Politics with endurance is hard work

Jun 24, 2024By Pete North

PN

In which our Pete again spells out the difference between a flash in the pan, and what it takes to build a party that can endure for 100 years... Surely at some point, Reform will invite him to help them get a grip on party basics?

I don't buy this. A few weeks ago, Reform was in the doldrums, and it was already looking like the moment had passed to salvage it. Tice and Habib don't really understand what it takes to build a movement. They thought it was just a matter of getting on the airwaves. But then along comes Farage and its fortunes changed. 

But all the hope and energy is invested in just one man, and none of the necessary work to turn Reform into a sustainable, coherent movement will be done. There will be no policy work, no strategy, no message discipline, no internal coordination, zero cooperation, and endless internal bickering to the point where at least half the senior figures fall out with Farage and resign. History repeats, leopards do not change their spots. 

Consequently, it will nurture no new talent, it will neglect any serious vetting, making all the same mistakes Ukip made, and will end up limping from one embarrassment to the next, with Tice, Habib and Farage all contradicting each other, and Farage will run his mouth once to often without thinking.

He's sailing close to the wind with his Ukraine remarks. He might be essentially correct but his lack of attention to detail will be his undoing. If it isn't this, it will be something else. I'm all for plain speaking, but you should at least try to avoid walking into ambushes. 

What you get from all this is a disorganised mess of a party that cannot withstand the departure of its leader, and it implodes as fast as Ukip did. 

Y'know, if I were Nigel Farage, I'd be hoping to lose Clacton. He is unassailable outside parliament, and he doesn't have the vulnerability of random unvetted colleagues.
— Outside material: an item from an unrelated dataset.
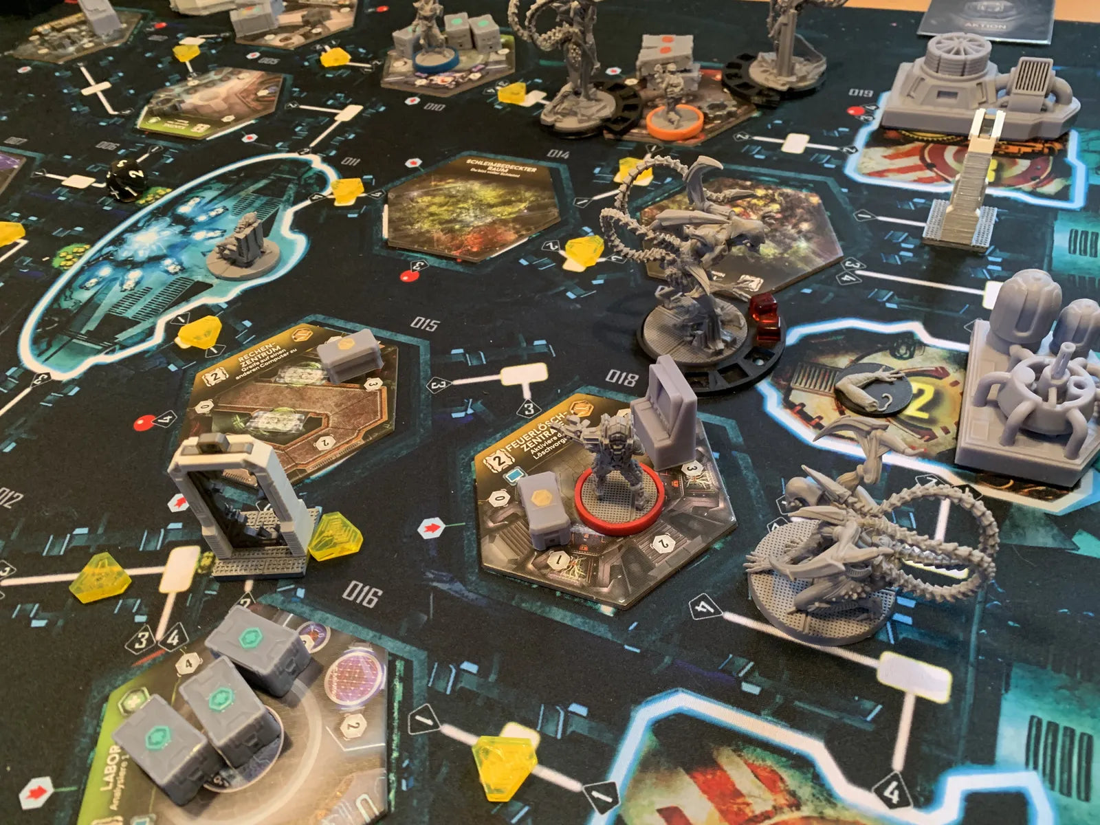Nemesis is a cooperation game combined with bluffing, backstabbing, and other elements of a science-fiction survival horror adventure.

His outsider status is the source of his power. But once he's in their circus, they'll know exactly how to deal with him. They will collectively unperson him, the speaker will overlook him, and they'll swamp him with formalities. The Tories will will pull the faux outrage routine as much as Labour. They'll turn him into an Andrew Bridgen figure, out on his own. He will acquire a certain anti-prestige, in the same vein as Galloway and Powell, but they will be able to contain him, not least since Reform is unable to convert its polling into seats.

Had they done the groundwork, and identified their most winnable seats, concentrated their ground game there, and made damn sure they have first rate candidates, they might have been able to make a go of it, but that's too much like movement-building. If they hadn't started this process already, we can safely assume they won't now.

I appreciate the game plan for many is to simply destroy the Tory party in the vague hope that something better will replace it, but this replacement isn't just going to fall out of the sky. It has to be built, attending to the fundamentals that make for a successful movement that can withstand the departure of its leader. 

With that in mind, I'm just not all that enthusiastic about "getting onboard" a bus to nowhere that will probably break down somewhere in the wilderness. If the aim is to destroy the Tories, they seem to be doing a pretty good job unaided. I would rather the energy and resources were invested in a vehicle with coherent aims. A failure to do the groundwork now means that we're back at square one when Farage gets too bored/tired/old/sick.